1/2 cup of shredded coconut mixed with 1/2 cup panko bread crumbs
2-4 fish fillets
1 egg
about 1/4 cup of flour
coconut oil or whatever you have except olive oil

dipping sauce
chipolte pepper in some adobe sauce 
handful of Blackberry's or raspberry
about 1/4 cup apple cider vinegar or rice vinegar 
lots of sugar ( I always have to just keep adding sugar until I get the desired thickness)
I also did acorn squash cut open and baked in oven at 425 for 45 minutes with this and buttered noodles 
throw your squash in and when its pretty much cooked (about 45 minutes)
take out and heat oven to about 450 (Im still trying to get this part right so dont shoot me if you have to adjust)
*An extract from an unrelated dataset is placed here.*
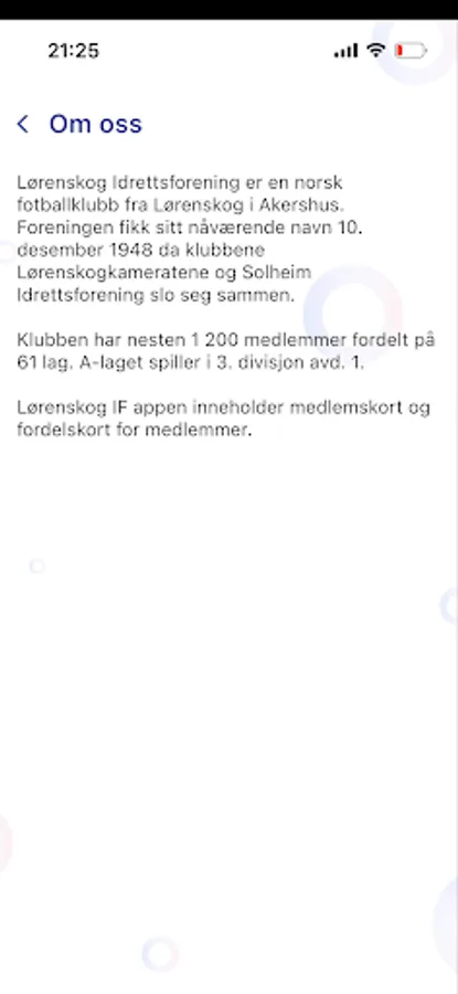 Member app for Lørenskog Idrettsforening. Member app that can be used for access to Lørenskog e-sports center. Here you will find membership cards, discount cards and membership cards that Lørenskog Idrettsforening members can use. You must be a member and registered with the club to be able to use the solution.

dipping sauce basically just heat up the vinegar, chipolte (if you want the spicy) with some water throw in your berries and sugar and cook until it reduces to a nice sweet sticky syrup. It took me about 30 minutes to get the blackberry's soft enough to blend in

Heat cast Iron pan on burner with enough coating of oil so fish wont stick until hot enough for drops of water to hiss 

lightly coat fish with flour then egg then coconut/panko mixture
Put in pan and saute until bottom has a good brown crust on it.
Take the cast iron pot and put it in oven for about 10 minutes then turn on broiler and brown the top of the fish.
serve with dipping sauce. The acorn squash I put a little butter and cinnamon but not needed its got a lot of flavor.
btw hubby went for seconds but swore me to secrecy lol


----------



## Bigfisherman (Apr 22, 2005)

Sounds great


----------